Overseas Property Buying: Financial Pitfalls Expatriates Should Be Aware Of
Starting a new life abroad, while ultimately rewarding, is full of complications – from learning a foreign language to transporting your belongings to a new country.
Often, the key is finding all the services you need to make the transition as smooth and financially painless as possible, and fortunately there are many organizations that can help. Researching your destination thoroughly and taking the advice of experts on board will pay off in the long run.
Part of this process is keeping a sharp eye on the exchange rate of your chosen destination. If you’re moving to the US, for instance, monitoring a dollar exchange currency converter will keep you updated on the daily movements between the sterling and the dollar, helping you to make the best decision about when to make money transfers – a huge consideration if you’re buying a house or car in the local currency.
Using a dedicated currency exchange provider like TorFX is the best way to ensure you don’t miss out on currency fluctuations that work to your advantage. These companies monitor the money markets for you, and offer services that allow you to lock in to a beneficial rate in advance so you can budget more effectively. As they are specialists in their field, these firms also provide much better rates than High Street banks – a saving of up to five per cent on a new property can put much-needed money in your pocket when you are ready to move.
Another financial factor to bear in mind is your pension. Qualifying Recognised Overseas Pension Schemes (QROPS) are often the best solution for keeping hold of your retirement income, as they provide a way to avoid paying (usually higher) UK tax rates on a pension.

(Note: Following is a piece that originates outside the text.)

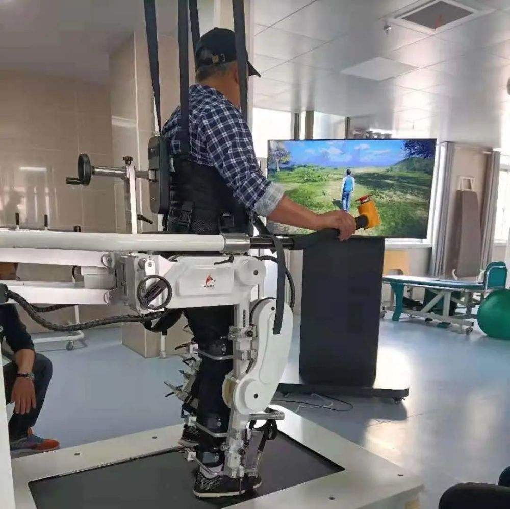 患者穿上精密的“机械腿”,就可以让患者悬浮在机器框架下进行“太空漫步”,这让很多无法自主站立的患者获得了来自机器的帮助。这种“机械腿”可以让康复运动规范而轻松,效果稳定。

This said QROPS are not the right choice for everyone: it’s best to talk to a pension specialist to get a full overview of your options when moving abroad.
Local taxes are another way expatriates could potentially lose out, especially if they haven’t researched them ahead of time. Some countries will oblige foreigners to pay extra tax on any property they own, including taking a bigger bite out of rental income, so once again the best solution is to consult a tax expert as part of your overall plan. There may be no way to avoid the taxes, but you can at least build them into your budget rather than arriving to a nasty surprise.